Explanation:
To expand and fully simplify the expression 3(4n + 5) + 6n + 4, we can follow the order of operations, which is also known as PEMDAS (Parentheses, Exponents, Multiplication and Division, and Addition and Subtraction).
First, let's simplify the expression inside the parentheses: 4n + 5. To do this, we distribute the 3 to both terms inside the parentheses:
3 * 4n + 3 * 5
This gives us:
12n + 15
Now, let's substitute this simplified expression back into the original expression:
3(12n + 15) + 6n + 4
Next, we distribute the 3 to both terms inside the parentheses:
3 * 12n + 3 * 15 + 6n + 4
This gives us:
36n + 45 + 6n + 4
Now, let's combine like terms.

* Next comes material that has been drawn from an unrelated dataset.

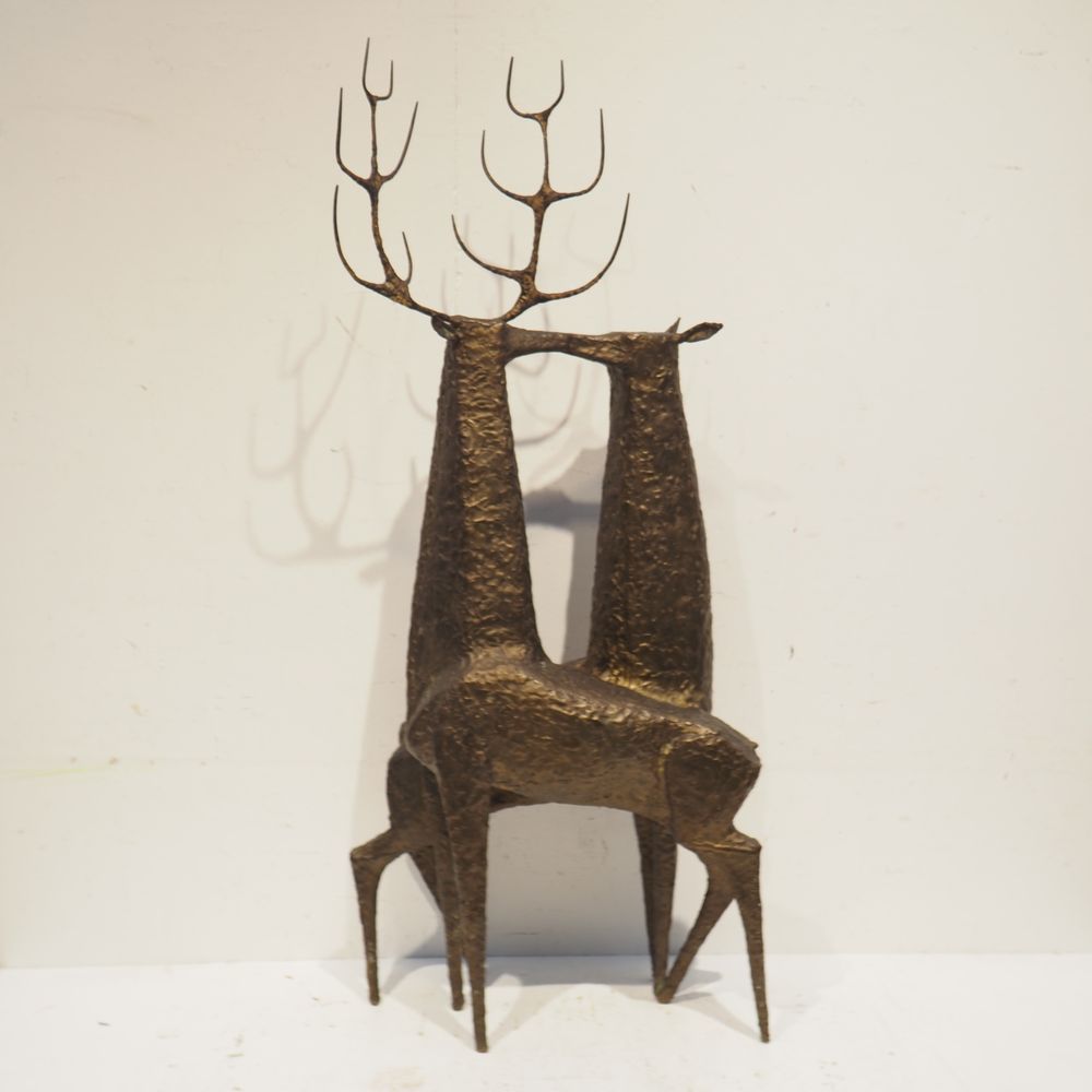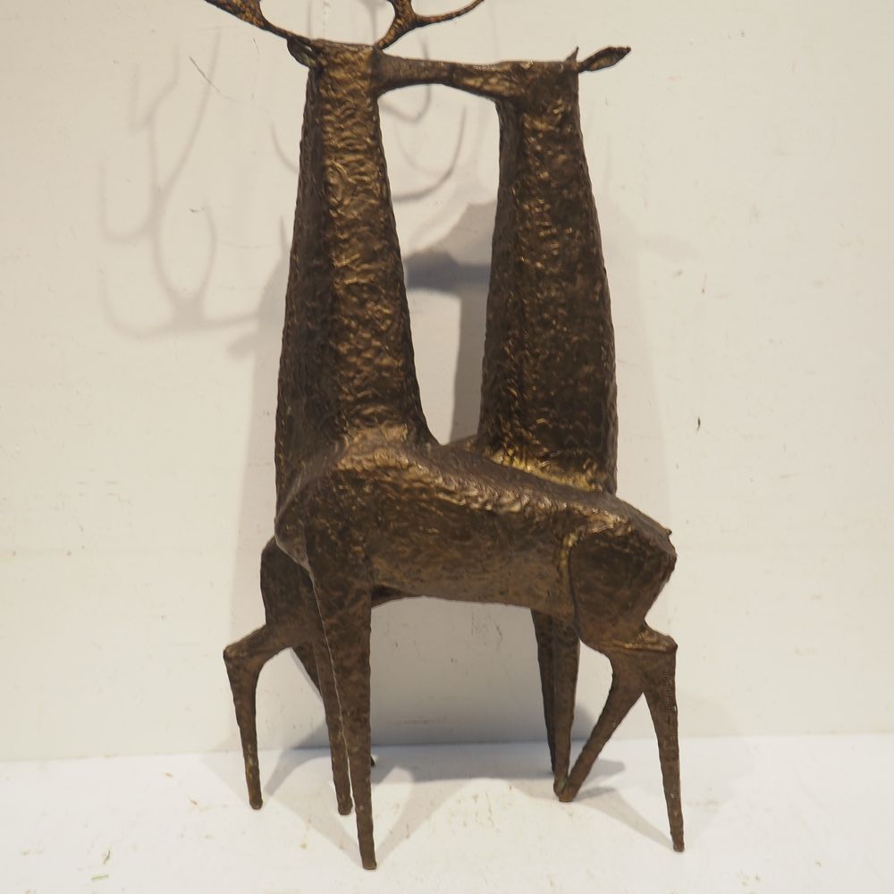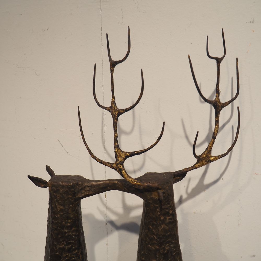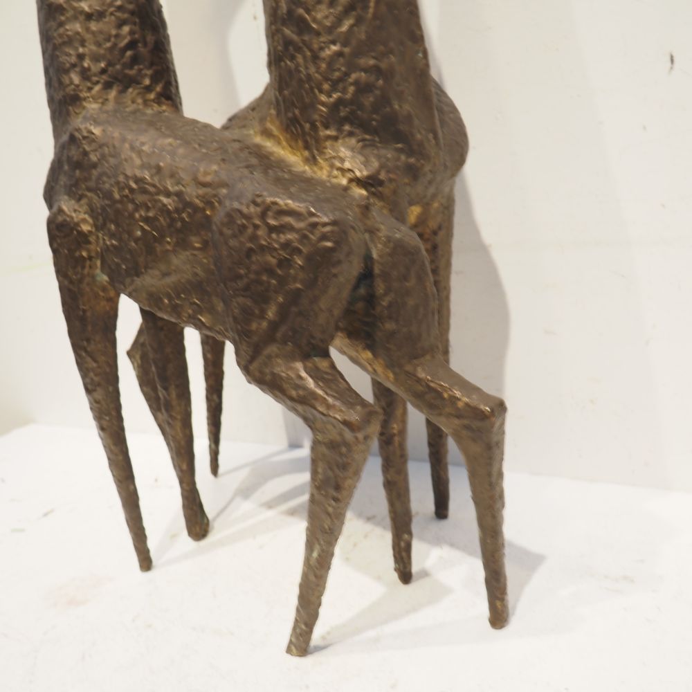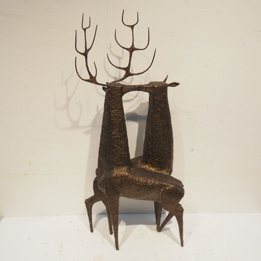 Jean-Pierre Ghysels 1932 – 2024 élève de Ossip Zadkin : Sculpture zoomorphique, pièce unique, bronze patiné, figurant un couple de cervidés, signée jambe arrière droite, datée 1963, H: 94, L: 40, P: 24 cm (+4% de droit de suites)

We add the coefficients of the n terms and the constants:
(36n + 6n) + (45 + 4)
This gives us:
42n + 49
Therefore, the expanded and fully simplified form of 3(4n + 5) + 6n + 4 is 42n + 49.
Side Note(Explanation): When simplifying expressions with parentheses, it is important to follow the order of operations, also known as PEMDAS. PEMDAS stands for Parentheses, Exponents, Multiplication and Division (from left to right), and Addition and Subtraction (from left to right).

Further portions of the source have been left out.